== Problem ==
Omit the pictures, but give back every entry below exactly as written.

== Dataset extract ==
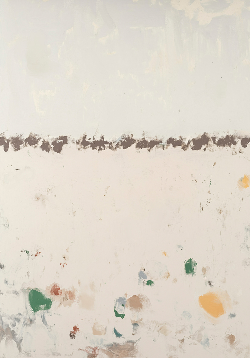 Pintura abstracta minimalista con texturas terrosas y tonos neutros suaves en formato horizontal. Perfecta para interiores modernos y ambientes serenos.
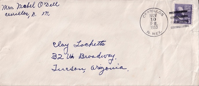 Hand cancellation: "CERRILLOS, N. MEX. NOV 10 1953".
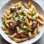 This Creamy Garlic Beef Pasta is a comforting and flavorful dish featuring tender beef strips cooked in a rich, garlicky cream sauce with a touch of Italian seasoning, tossed with perfectly cooked pasta and finished with Parmesan cheese and fresh parsley. It’s a quick and satisfying meal perfect for weeknights.
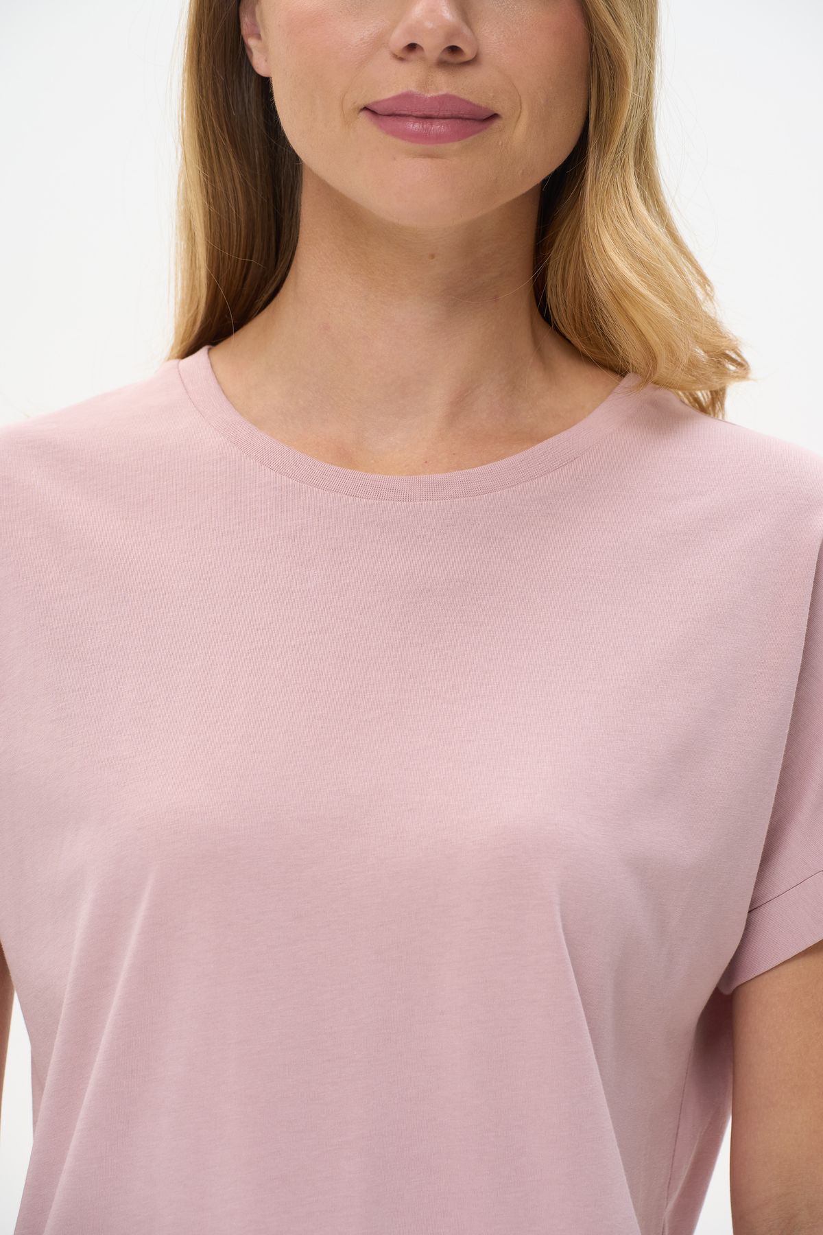 Описание: Футболка из хлопкового полотна качества пенье. Круглый вырез горловины окантован хлопковым полотном рибана. Цельнокроеные короткие рукава с отворотами. Рост модели на фото 177.
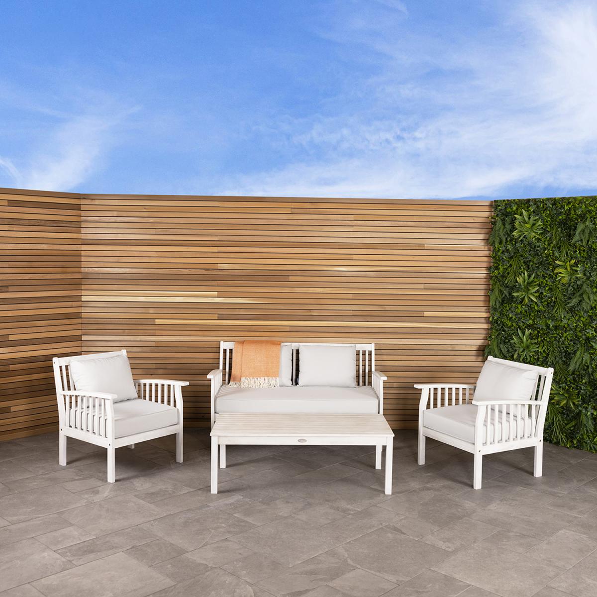 This stylish lounge set is a beautiful addition to any garden, this includes seating for four people with cushion pads for extra comfort and a matching coffee table. Crafted from white washed FSC Acacia Hardwood which has been ethically sourced and sustainably produced to the highest quality. This is ideal for family dining and relaxing in your outdoor space in the summer months. A range of matching outdoor furniture pieces are also available. Features. Seating for 4 people. Seat and back cushion pads for extra comfort in light grey - removable coversFS. C Certified Acacia Hardwood White Washed Finish Contemporary take on traditional designIncludes. 2 x chairs with seat pad and 1 back cushion on each chair1 x bench with seat pad and 2 back cushions1 x coffee tableMaterials. This product contains FSC Certified wood. 100 FSCFSC Certified Acacia HardwoodPolyesterDimensions Chair H78 x L68 x D75cm (x2)Bench H78 x L142 x D75cm Table H40 x W60 x L120cmWeights. Chair 10.5kg (single chair)Bench 16.6kg. Table 12kgColours White Washed Finish Light Grey Polyester Additional Info Height from floor to seat 42cm (chair and bench)Max User 160kg (chair and bench)Chair seat cushion Thickness 12.5cm W57cm x D59cm Bench seat cushion Thickness 13cm W131.5 x D56.5cm. Back Scatter Cushions Thickness 14.5cm W29.5 x L42.5cm. Some self-assembly required. Full instructions provided. This product will be delivered on a pallet, which cannot be disposed of by the courier team. The recipient will be responsible for the disposal of the pallet.
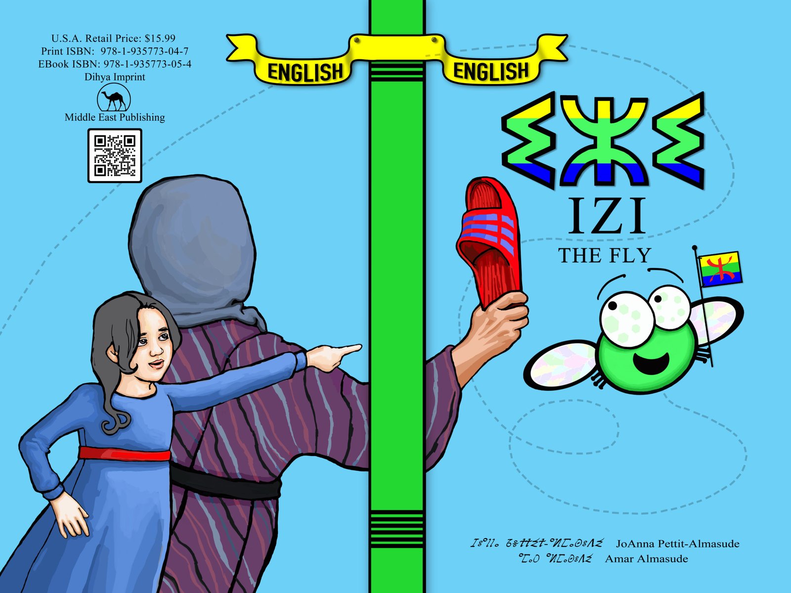 “IZI, pronounced as “ezee,” meaning “fly” in Tamazight (Nador), is a children’s book that offers a wealth of educational benefits. It tells the story of a cute little fly, IZI, who is on a quest for food. As IZI flies around the house, getting into all sorts of trouble, children have the chance to learn words in Tamazight (using Tifinagh script & Latin) and English. Parents can share this enriching experience with their children in either or both languages. This engaging book not only facilitates language learning but also enhances cognitive development, making it a valuable resource for Amazigh parents living in the United States and other English-speaking countries.”

== Solution ==
 Pintura abstracta minimalista con texturas terrosas y tonos neutros suaves en formato horizontal. Perfecta para interiores modernos y ambientes serenos.
 Hand cancellation: "CERRILLOS, N. MEX. NOV 10 1953".
 This Creamy Garlic Beef Pasta is a comforting and flavorful dish featuring tender beef strips cooked in a rich, garlicky cream sauce with a touch of Italian seasoning, tossed with perfectly cooked pasta and finished with Parmesan cheese and fresh parsley. It’s a quick and satisfying meal perfect for weeknights.
 Описание: Футболка из хлопкового полотна качества пенье. Круглый вырез горловины окантован хлопковым полотном рибана. Цельнокроеные короткие рукава с отворотами. Рост модели на фото 177.
 This stylish lounge set is a beautiful addition to any garden, this includes seating for four people with cushion pads for extra comfort and a matching coffee table. Crafted from white washed FSC Acacia Hardwood which has been ethically sourced and sustainably produced to the highest quality. This is ideal for family dining and relaxing in your outdoor space in the summer months. A range of matching outdoor furniture pieces are also available. Features. Seating for 4 people. Seat and back cushion pads for extra comfort in light grey - removable coversFS. C Certified Acacia Hardwood White Washed Finish Contemporary take on traditional designIncludes. 2 x chairs with seat pad and 1 back cushion on each chair1 x bench with seat pad and 2 back cushions1 x coffee tableMaterials. This product contains FSC Certified wood. 100 FSCFSC Certified Acacia HardwoodPolyesterDimensions Chair H78 x L68 x D75cm (x2)Bench H78 x L142 x D75cm Table H40 x W60 x L120cmWeights. Chair 10.5kg (single chair)Bench 16.6kg. Table 12kgColours White Washed Finish Light Grey Polyester Additional Info Height from floor to seat 42cm (chair and bench)Max User 160kg (chair and bench)Chair seat cushion Thickness 12.5cm W57cm x D59cm Bench seat cushion Thickness 13cm W131.5 x D56.5cm. Back Scatter Cushions Thickness 14.5cm W29.5 x L42.5cm. Some self-assembly required. Full instructions provided. This product will be delivered on a pallet, which cannot be disposed of by the courier team. The recipient will be responsible for the disposal of the pallet.
 “IZI, pronounced as “ezee,” meaning “fly” in Tamazight (Nador), is a children’s book that offers a wealth of educational benefits. It tells the story of a cute little fly, IZI, who is on a quest for food. As IZI flies around the house, getting into all sorts of trouble, children have the chance to learn words in Tamazight (using Tifinagh script & Latin) and English. Parents can share this enriching experience with their children in either or both languages. This engaging book not only facilitates language learning but also enhances cognitive development, making it a valuable resource for Amazigh parents living in the United States and other English-speaking countries.”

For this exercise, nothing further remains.